West of Dead Review
Reviewed on Sony PlayStation 4Also available on Microsoft Xbox One, PC and Nintendo Switch
You arrive in a dusty looking saloon. The only man to greet you is a tired-looking bartender, there’s no knowing how long he’s been there. Outside the swinging saloon door is a long, dark corridor taking you to a sprawling labyrinth.
Also, you have a burning skull for a face.

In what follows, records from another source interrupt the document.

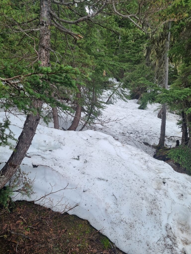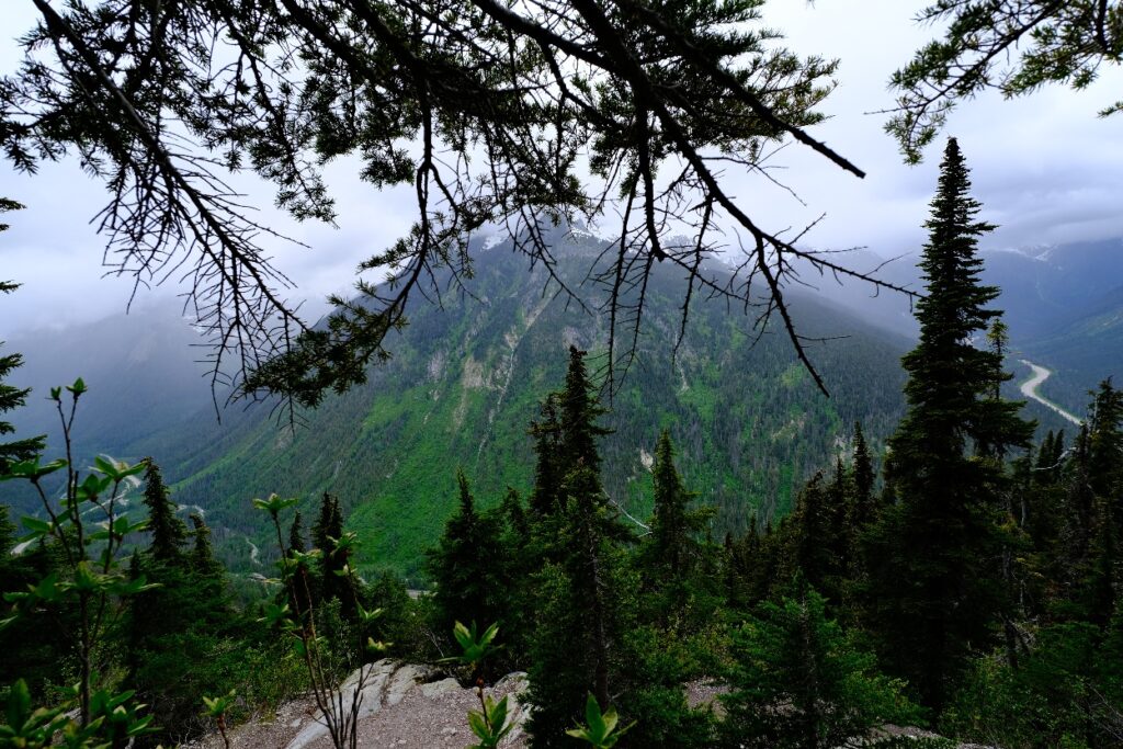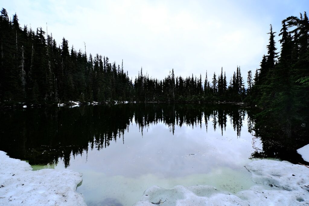 Hallo an alle Mitleser. Heute war wieder etwas Ausschlafen möglich, das Wetter sollte regnerisch werden. Wir sind immernoch auf dem Illecillewaet Campground und genießen die herrliche Ruhe und die Natur. Da es am Morgen noch trocken war sind Holger und ich noch zu einer kleinen Tour losgezogen. Ziel war der Marion Lake. Die Tour war 6,5km lang und es gab wieder 400 Höhenmeter zu bewältigen. Der Weg führte durch satte grüne Wälder und wir begegneten niemanden, auch keinem Bären.
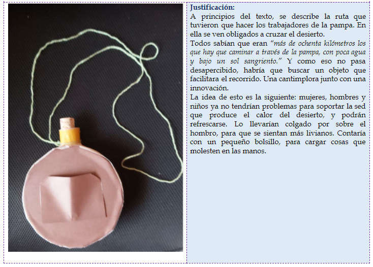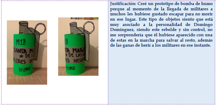 Finalmente, justificaron la pertinencia del objeto con el contenido de la narración. Evidenciando amplio conocimiento del tema, siendo creativos y demostrando esfuerzo en la fabricación del producto el que se configura como un elemento interesante y adecuado a la historia.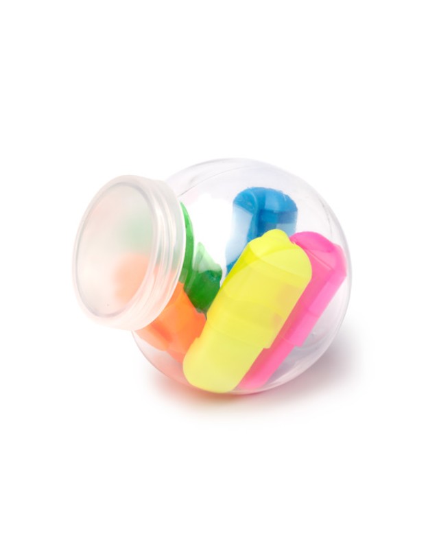 Set di pennarelli multicolore presentato in un contenitore tondo in PP trasparente. Tappo traslucido con una superficie appositamente progettata per il branding. Include cinque colori diversi. - Composizione: PP - Misure: 7,4cm/7,8cm/5,7cm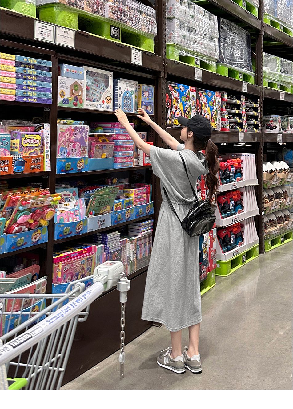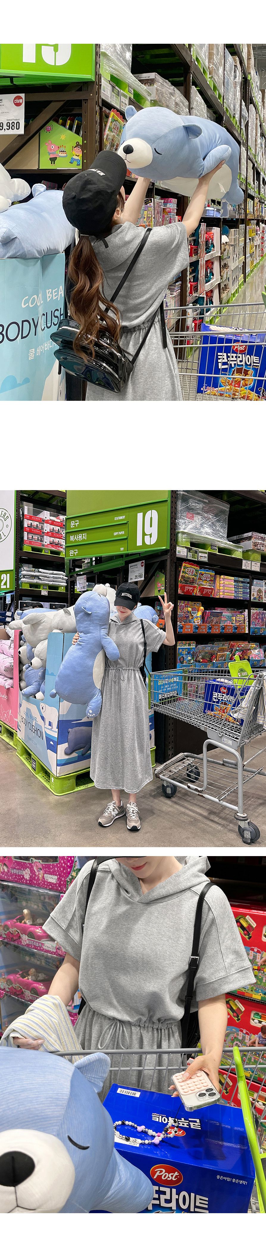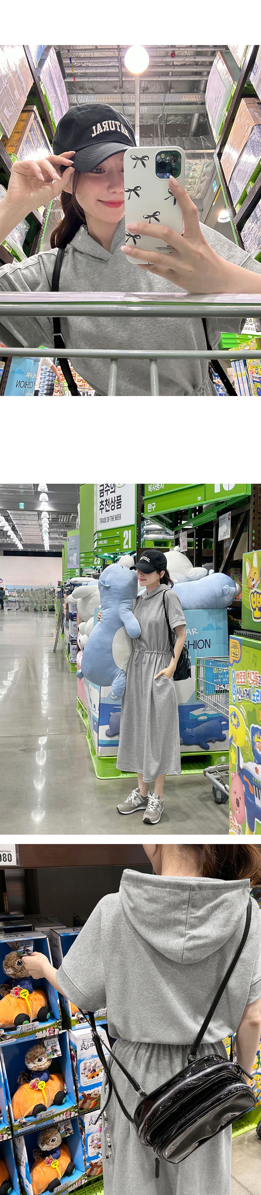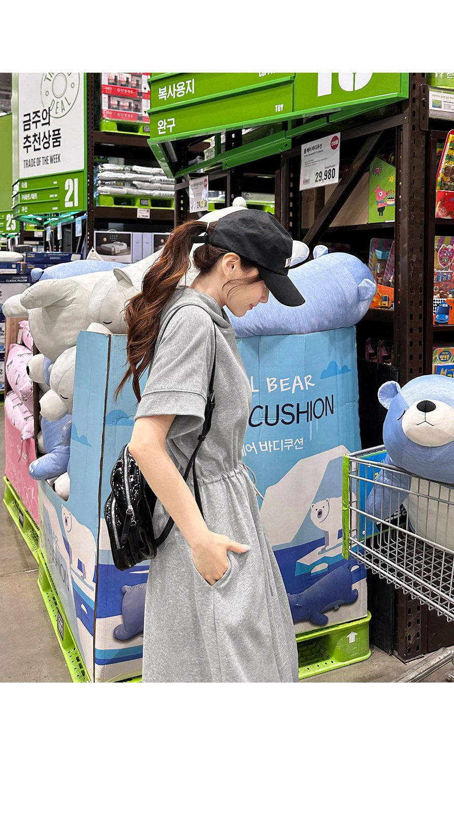 【C52593】韓國MID 收腰連帽洋裝-運動風素面抽繩腰連肩短袖大尺碼★★

West of Dead is an atmospheric twin-stick shooter with roguelike elements from Raw Fury and Upstream Arcade, and while both genres are well represented on the indie scene this game brings something a little different to the twin-stick shooter side of things. The gameplay is as you would expect, use one stick to direct your aim and the other to move around, hitting the appropriate trigger buttons to fire one of two guns. The game has your standard two-weapon loadout, which you can find and swap either weapon out for new weapons you find around the dungeon area. You can basically pick and choose your preferred loadout and are not limited to one firearm and one long barrel.
The combat itself is also tweaked in interesting ways, with the use of a cover mechanic to help you hide from enemy fire and buy you time to reload. This a great element that adds new depth and strategy to the standard twin-stick shooter formula, it really accentuated the old western feel of the world.

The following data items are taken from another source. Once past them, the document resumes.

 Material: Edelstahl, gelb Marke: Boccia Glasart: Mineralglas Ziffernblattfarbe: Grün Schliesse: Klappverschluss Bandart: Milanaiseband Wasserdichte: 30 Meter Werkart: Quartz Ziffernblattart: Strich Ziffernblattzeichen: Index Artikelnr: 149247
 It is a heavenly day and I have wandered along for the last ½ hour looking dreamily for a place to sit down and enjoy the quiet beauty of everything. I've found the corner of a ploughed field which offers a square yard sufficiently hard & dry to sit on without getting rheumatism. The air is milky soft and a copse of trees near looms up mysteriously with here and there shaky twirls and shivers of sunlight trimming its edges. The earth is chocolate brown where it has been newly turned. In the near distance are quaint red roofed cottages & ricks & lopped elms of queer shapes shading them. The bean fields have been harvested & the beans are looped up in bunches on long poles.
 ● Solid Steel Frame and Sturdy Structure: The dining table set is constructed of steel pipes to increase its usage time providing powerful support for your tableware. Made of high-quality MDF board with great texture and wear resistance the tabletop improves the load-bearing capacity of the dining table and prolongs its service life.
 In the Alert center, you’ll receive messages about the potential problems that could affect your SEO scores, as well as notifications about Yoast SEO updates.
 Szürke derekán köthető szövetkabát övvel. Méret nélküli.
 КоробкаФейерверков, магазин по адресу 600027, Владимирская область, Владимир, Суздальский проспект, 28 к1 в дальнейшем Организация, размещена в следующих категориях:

Exploring will net you power upgrades and new weapons, as well as finding items to access new areas of the world. This has roguelike elements of play so backtracking and exploring every possible corner of the world is standard in order to progress. But if you die, you go back to the saloon and must start over. It is ruthless but it teaches you to be smarter and more tactical in your shoot-outs, running in guns blazing like some skeletal Butch & Sundance will get you killed quickly and the deeper into the dungeon you get, the more careful you become about your approach to a combat situation.
Enemy types are very basic but they are distinctly designed so you will know what sort of tactics to expect from look alone after just one encounter; it may not be visually varied but it helps take a little of the uncertainty away from the combat.
It is far from a massive game and the locations you explore start feel a little repetitive, initially, but really diversify more as you access new areas and each new style of setting brings its own unique visual flair. That is the big take away from experience West of Dead; it is truly a stunning looking indie title. From the character designs to the colour palette, West of Dead feels like a Mike Mignola Hellboy comic brought to life. Enhancing that Hellboy vibe is the use of Ron Perlman as the voice of the protagonist during the intro (other dialogue encounters are handled with test boxes).
The distinct art style is really compelling enough to make West of Dead worth playing, even if you are not a huge fan of either twin-sticks or roguelikes, just basking in the moody aesthetic is enough reason to appreciate what this game is doing.
My biggest complaint would be that there is not enough of this world to explore. I wanted more. More maps, more enemies, more side characters. It is never a bad thing to find yourself complaining that you want more game. West of Dead is a game that made me want more. The combat, the exploration, the art style. It gave me plenty to chew on but I was still left wanting.